DATASET RECORDS START
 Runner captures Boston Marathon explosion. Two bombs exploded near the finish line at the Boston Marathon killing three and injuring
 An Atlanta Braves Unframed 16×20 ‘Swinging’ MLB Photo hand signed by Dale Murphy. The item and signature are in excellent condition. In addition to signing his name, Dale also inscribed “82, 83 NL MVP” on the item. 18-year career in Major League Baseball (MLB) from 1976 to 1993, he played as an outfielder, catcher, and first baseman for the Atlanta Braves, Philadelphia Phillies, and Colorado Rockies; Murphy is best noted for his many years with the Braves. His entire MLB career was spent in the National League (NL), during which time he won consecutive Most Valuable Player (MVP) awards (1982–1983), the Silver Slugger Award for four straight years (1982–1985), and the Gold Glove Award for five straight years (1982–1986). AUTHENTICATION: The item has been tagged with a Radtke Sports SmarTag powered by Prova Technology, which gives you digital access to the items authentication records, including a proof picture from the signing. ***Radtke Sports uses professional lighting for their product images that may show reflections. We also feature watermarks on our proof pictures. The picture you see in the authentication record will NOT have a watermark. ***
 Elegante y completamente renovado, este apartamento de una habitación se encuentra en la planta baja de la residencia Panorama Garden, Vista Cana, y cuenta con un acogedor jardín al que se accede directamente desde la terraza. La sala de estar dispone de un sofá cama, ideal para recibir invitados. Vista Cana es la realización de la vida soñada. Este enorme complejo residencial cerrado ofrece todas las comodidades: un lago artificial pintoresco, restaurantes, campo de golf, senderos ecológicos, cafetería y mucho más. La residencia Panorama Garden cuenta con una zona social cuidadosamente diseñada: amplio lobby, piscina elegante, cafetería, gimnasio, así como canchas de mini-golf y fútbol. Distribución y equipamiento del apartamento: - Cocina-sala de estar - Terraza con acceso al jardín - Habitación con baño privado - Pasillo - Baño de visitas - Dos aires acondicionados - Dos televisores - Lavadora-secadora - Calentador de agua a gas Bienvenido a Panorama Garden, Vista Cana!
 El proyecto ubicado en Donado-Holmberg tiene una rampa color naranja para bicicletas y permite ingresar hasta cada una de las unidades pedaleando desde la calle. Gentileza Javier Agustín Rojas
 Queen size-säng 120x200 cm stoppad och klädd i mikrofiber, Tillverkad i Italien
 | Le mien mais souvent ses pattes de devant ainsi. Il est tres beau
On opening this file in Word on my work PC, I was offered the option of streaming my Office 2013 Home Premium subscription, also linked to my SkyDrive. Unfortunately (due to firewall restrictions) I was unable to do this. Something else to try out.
DATASET RECORDS END
■ WHAT YOU WILL DO ■
What you return should be the records above, repeated exactly.

■ ANSWER FOR THIS EXERCISE ■
 Runner captures Boston Marathon explosion. Two bombs exploded near the finish line at the Boston Marathon killing three and injuring
 An Atlanta Braves Unframed 16×20 ‘Swinging’ MLB Photo hand signed by Dale Murphy. The item and signature are in excellent condition. In addition to signing his name, Dale also inscribed “82, 83 NL MVP” on the item. 18-year career in Major League Baseball (MLB) from 1976 to 1993, he played as an outfielder, catcher, and first baseman for the Atlanta Braves, Philadelphia Phillies, and Colorado Rockies; Murphy is best noted for his many years with the Braves. His entire MLB career was spent in the National League (NL), during which time he won consecutive Most Valuable Player (MVP) awards (1982–1983), the Silver Slugger Award for four straight years (1982–1985), and the Gold Glove Award for five straight years (1982–1986). AUTHENTICATION: The item has been tagged with a Radtke Sports SmarTag powered by Prova Technology, which gives you digital access to the items authentication records, including a proof picture from the signing. ***Radtke Sports uses professional lighting for their product images that may show reflections. We also feature watermarks on our proof pictures. The picture you see in the authentication record will NOT have a watermark. ***
 Elegante y completamente renovado, este apartamento de una habitación se encuentra en la planta baja de la residencia Panorama Garden, Vista Cana, y cuenta con un acogedor jardín al que se accede directamente desde la terraza. La sala de estar dispone de un sofá cama, ideal para recibir invitados. Vista Cana es la realización de la vida soñada. Este enorme complejo residencial cerrado ofrece todas las comodidades: un lago artificial pintoresco, restaurantes, campo de golf, senderos ecológicos, cafetería y mucho más. La residencia Panorama Garden cuenta con una zona social cuidadosamente diseñada: amplio lobby, piscina elegante, cafetería, gimnasio, así como canchas de mini-golf y fútbol. Distribución y equipamiento del apartamento: - Cocina-sala de estar - Terraza con acceso al jardín - Habitación con baño privado - Pasillo - Baño de visitas - Dos aires acondicionados - Dos televisores - Lavadora-secadora - Calentador de agua a gas Bienvenido a Panorama Garden, Vista Cana!
 El proyecto ubicado en Donado-Holmberg tiene una rampa color naranja para bicicletas y permite ingresar hasta cada una de las unidades pedaleando desde la calle. Gentileza Javier Agustín Rojas
 Queen size-säng 120x200 cm stoppad och klädd i mikrofiber, Tillverkad i Italien
 | Le mien mais souvent ses pattes de devant ainsi. Il est tres beau
On opening this file in Word on my work PC, I was offered the option of streaming my Office 2013 Home Premium subscription, also linked to my SkyDrive. Unfortunately (due to firewall restrictions) I was unable to do this. Something else to try out.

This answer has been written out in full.